I have a dataset with hundreds of variables (columns) and I want to standardize all numeric variables. But instead of center and dividing by just one standard deviation, I need to center and divide all variables by two standard deviations.

This is an example of the dataset I have

data have;
INPUT year $1-4 program_id $6-8 program_name $10-31 enrollments 33-36 admissions 38-41 graduates 43-46;
datalines;
2010 002 Electrical Engineering 1563 0321 0156
2010 001 Civil Engineering      2356 0739 0236
2010 003 Mechanical Engineering 0982 0234 0069
2010 021 English                3945 1034 0269
2010 031 Physics                0459 0134 0069
2010 041 Arts                   0234 0072 0045
2019 004 Engineering            4745 1202 0597
2019 022 English Teaching       2788 0887 0201
2019 023 English and Spanish    0751 0345 0092
2019 031 Physics                0589 0126 0039
2019 032 Astronomy              0093 0035 0021
2019 041 Arts                   0359 0097 0062
2019 044 Cinema                 0293 0100 0039
;
run;

I want two different datasets. In the first, standardization applies for all variables across the whole dataset.

proc sql;
create table want1 as
select *, 
(enrollments - mean(enrollments))/(2*STD(enrollments)) as z_enrollments,
(admissions - mean(admissions))/(2*STD(admissions)) as z_admissions,
(graduates - mean(graduates))/(2*STD(graduates)) as z_graduates
from have;
quit;

In the second, standardization is grouped by year:

proc sql;
create table want2 as
select *, 
(enrollments - mean(enrollments))/(2*STD(enrollments)) as z_enrollments,
(admissions - mean(admissions))/(2*STD(admissions)) as z_admissions,
(graduates - mean(graduates))/(2*STD(graduates)) as z_graduates
from have
group by year;
quit;

Question: How to do this for all the hundreds of numeric variables of my dataset, without needing to write down the name of each one of them?

What I tried:

As I want this code to be replicable to different datasets, I was trying to follow the reasoning of this other question. That is, first to identify all numeric variables, than to save all variables names into an array and them doing the computations. I thought that perhaps I also need to save the resulting parameters of each column (mean and std) in an array as well. But I still did not get how to make arrays, datasteps and loops to work together.

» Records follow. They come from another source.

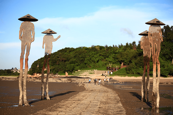 The stone statue at the back of Jiangong Reef is the stone statue of Zheng Chenggong, the holy king of Kaitai. The stone statue looks at his hometown of Fujian. This is the place where most people take pictures besides the oyster man installation art.
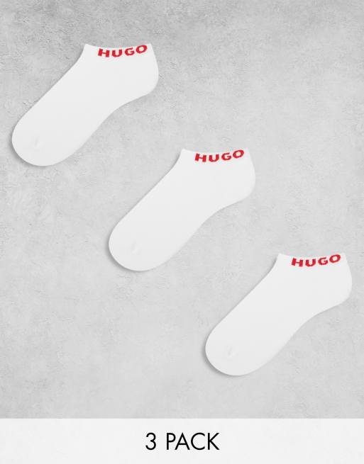 HUGO – Bodywear – Vita, låga strumpor med logga, 3-pack
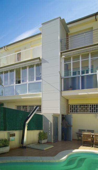 Es habitual que en casas unifamiliares o edificios antiguos no se cuente con un ascensor y tampoco se haya previsto un espacio para albergarlo en el interior de la vivienda. A pesar de que existen elevadores para espacios reducidos, en algunos casos la escalera no ofrece el hueco suficiente para instalarlo y no se dispone de ninguna otra opción. En estos casos existe una solución que consiste en instalar el ascensor en una de las fachadas del edificio.
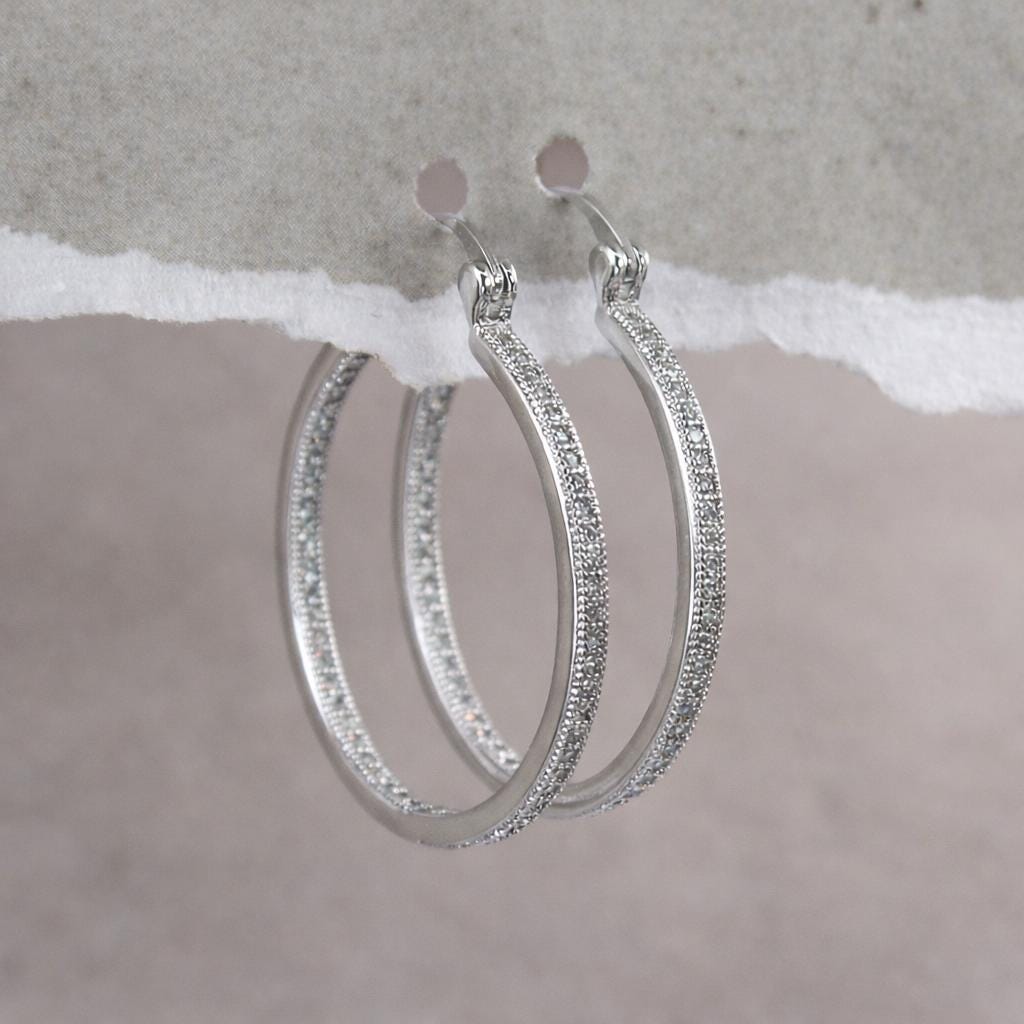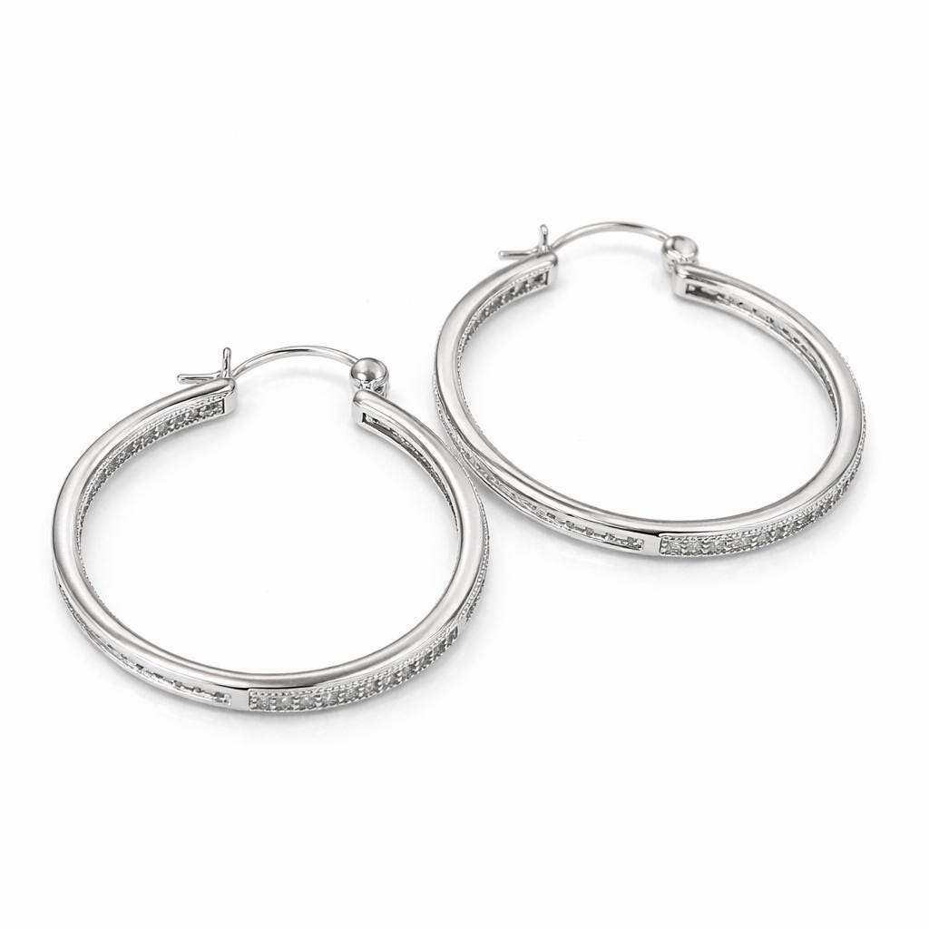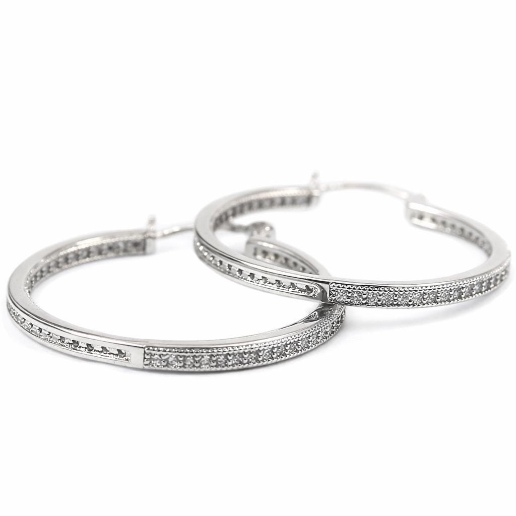 Hoop earrings in silver-plated brass and zircon.

I started trying to set an array for calculating the number of numerical variables. This runs fine.

data _null_;
set have;
array x[*] _numeric_;
call symput("nVar",dim(x));
stop;
run;

%put Number Variables = &nVar;

Then I tried to adapt the following code - which is a combination of @DomPazz answer with @Tom suggestion in the comments - but it did not work:

data want;
set have nobs=nobs;
array x[&nVar] _numeric_;
array N[&nVar];

n(1)=x(1); do i=2 to dim(n); n(i)=(x(i) - mean(x(i))/(2*(STD(x(i)); end;

keep N:;
run;

I don't know if the above code would get the right result. But I get an error saying that I have the incorrect number of arguments for the STD function. I looked it up: apparently, STD() in datastep runs row-wise, not column-wise.

I also tried PROC STANDARD, I get some results, but they don't match with my calculations. Probably I did not set the parameters right:

proc standard data=have mean=0 std=2
 out=want;       
 run;
2
What procs have you tried?Tom
@Tom, I added some of the codes I tried in my question. I didn't do it at the first itme because I didn't want to make it TL;DR.LuizZ

2 Answers

4
votes

You can use the METHED=STD on PROC STDIZE to standardize around the mean and one STD. So just add the MULT= option to divide by 2.

proc stdize data=have method=STD mult=0.5 out=want;
run;
1
votes

Answering last comment:

@Tom I was reading the proc stdize documentation, but I could not figure out if I can customize the LOCATION and SCALE measures. For example, if instead of dividing by 2sdt, I want to subtract the mean and divide by the range for all variables. Would it be possible?

Quick solution:

* Output Mean;
proc stdize data=have method=mean out=out1 outstat=mean1;
var _numeric_;
run;

* Output Range;
proc stdize data=have method=range out=out1 outstat=range1;
var _numeric_;
run;

* LOCATION and SCALE;
data scale_location;
set mean1 (where=(_type_='LOCATION')) range1 (where=(_type_='SCALE'));
run;

* Target; 
proc stdize data=have method=in(scale_location) out=want;
var _numeric_;
run;